徐庶
在區議會選舉中,公民黨被選民懲罰,今年九月份的立法會選舉,公民黨也前景悲觀。全港市民都知道公民黨屢屢利用司法覆核,阻撓香港的大型基建,製造外傭居港權的事件,出賣香港,給香港市民帶來了極大的禍害。現在,公民黨極力「洗底」,假稱自己被人冤枉,其中一個政治手法,就是金蟬脫殼,轉移視線,由新的大律師公會主席為公民黨進行呼冤辯解。
大律師公會,從李柱銘到梁家傑、到余若薇都曾當主席,這都說明了大律師公會是反對派的牢固陣地,公民黨的創會成員,基本上都來自大律師公會。在他們未有組織政黨之前,他們覺得佔領越多行業性或專業性的陣地越好。公民黨成立之後,他們的成員及友好,仍然出任大律師公會的主席,這叫做「政法合一」。直到去年區議會選舉遭到大敗之後,他們挑撥市民製造訴訟的劣績,成為了最大的政治負資產。他們立即採取金蟬脫殼的手段,自己退到幕後,不再擔任主席,改為推出一個外國人出任大律師公會主席,表面改為「政法分開」。
大律師公會意圖為公民黨「洗底」
日前公民黨開始組織輿論進行反攻,為自己洗脫罪名,動員了一干人等,強調「司法獨立」,不應該受到市民的批評,更不應該受到市民上街反對。

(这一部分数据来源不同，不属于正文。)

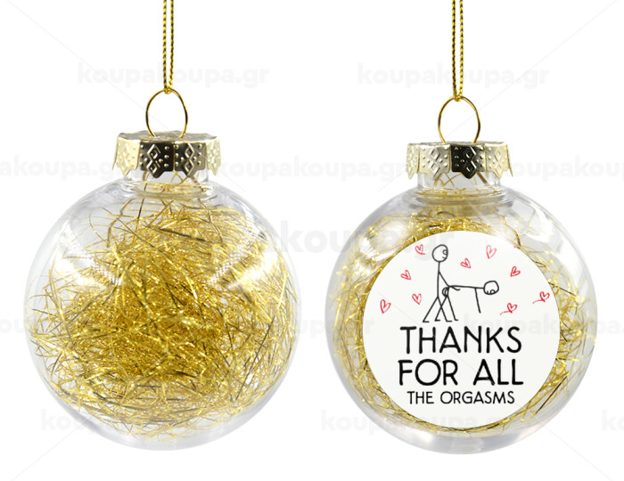 Thanks for all the orgasms, Transparent Christmas tree ball ornament with gold filling 8cm

有人更加大談法院的判案,不應該受到批評。總之,怎樣損害香港人的利益,怎樣損害香港社會的長遠發展,產生怎樣的破壞性效果,都不應該討論,不應該批評。反正是「法官治港」,不會考慮判案的社會效果,反正是依照法律和證據就可以了。所謂法律,就是英國人制定的法律,完全不考慮《基本法》的立法原則。市民如果批評,就是損害「司法」獨立了。不過,公民黨的如意算盤和欺騙伎倆,決不能得逞,香港人的眼睛是雪亮的,大家都知道他們在玩弄金蟬脫殼和移花接木的把戲。
那個大律師公會的洋人主席林孟達日前在法律年開幕禮上,對香港市民破口大罵,指「有公會會員去年為某些人士當法律代表,就一些被社會某些階層認為是不得人心的爭議向法庭尋求濟助,因而受到批評」,「這些抨擊毫無理據,顯示論者對大律師這專業所負義務、責任和傳統一無所知。當中有些抨擊更加涉及語言暴力,和跡近人身攻擊式的謾罵」云云。

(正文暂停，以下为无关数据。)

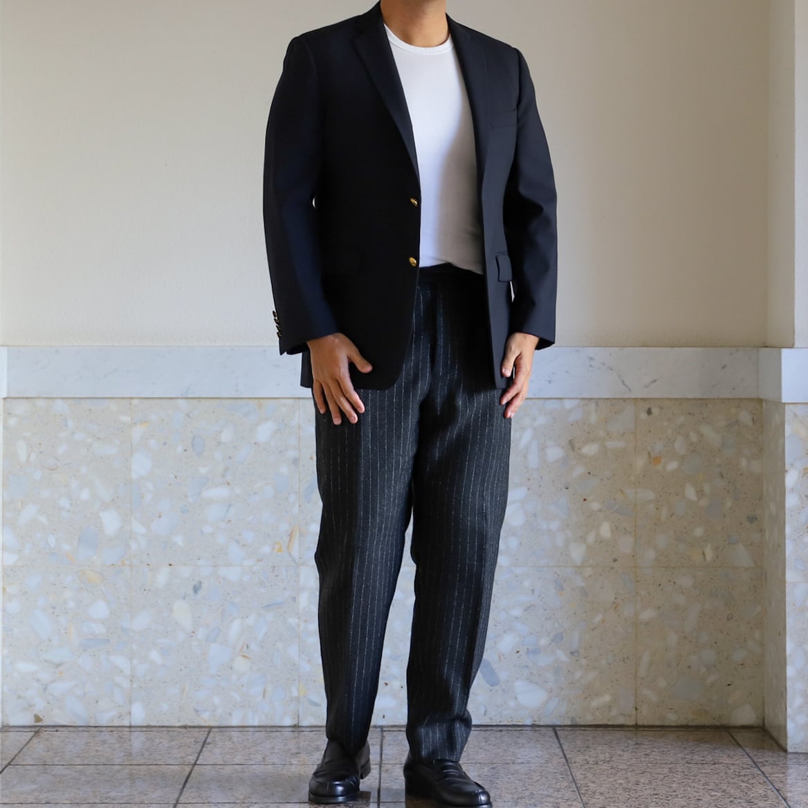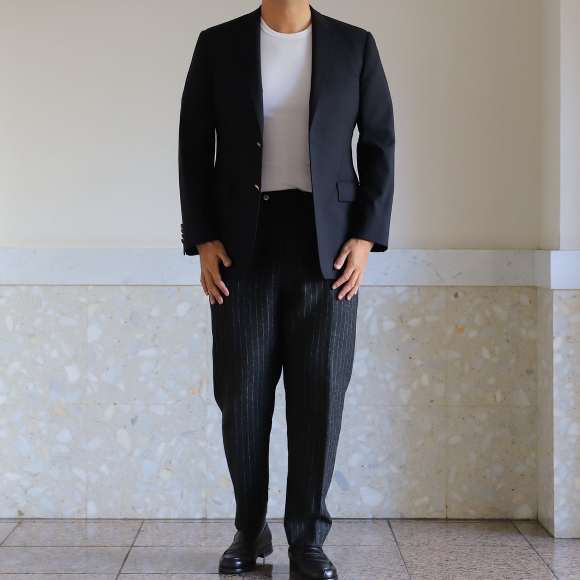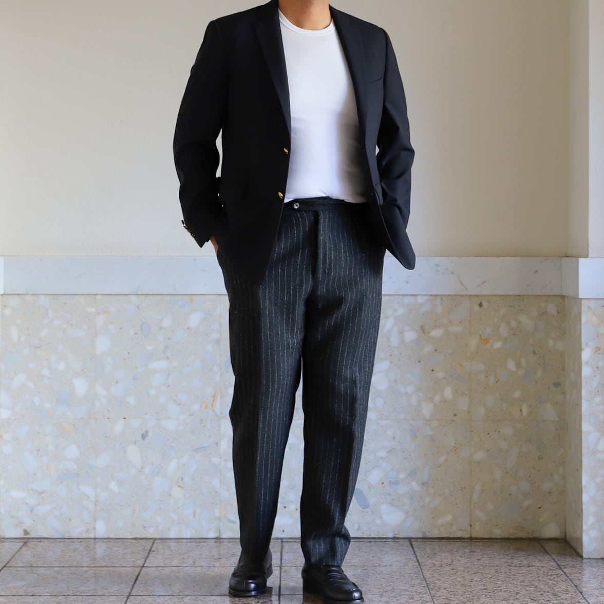 フォーマル合わせでも素敵ですが、サラッと羽織ってスラックスやデニム、ミリタリー パンツなどに合わせるのも抜群。

這種論調,完全是「狀棍」的詭辯術。究竟敢不敢承認「政法一體」這回事?林孟達是不敢回答,也回答不了的。現在問題的核心:這些大狀組織了一個政黨,坐在立法會的權力位置上,他們受到市民的委託維護市民利益,但他們卻出賣香港市民的利益,作為一個公民社會,香港市民是否要追究這些立法會議員和這些政黨?什麼叫做政治問責?什麼叫做公眾利益?選民完全有責任和權力,追究這些政黨。
「的士原則」不適用於公民黨「狀棍」
如果他們是大律師,大談什麼「司法獨立」和大律師專業操守,他們就不要組織政黨,就不要當選為立法會議員,就不要搞政治,專心去做他們的大律師。現在他們利用了自己取得的政治權力和資源,挑撥和教唆市民進行訴訟,即使按照大律師的專業操守和香港的法律,這都是違法的行為,為什麼作為大律師公會主席,不去維護專業操守和香港的法律,追究和譴責這種行為?反而避重就輕,談什麼「的士原則」?大家都知道李志喜正是公民黨的核心人物,她為什麼要配合公民黨製造司法覆核訴訟的路線?這顯然有政治利益的問題,遇到了利益的問題,任何大律師都應該作出迴避。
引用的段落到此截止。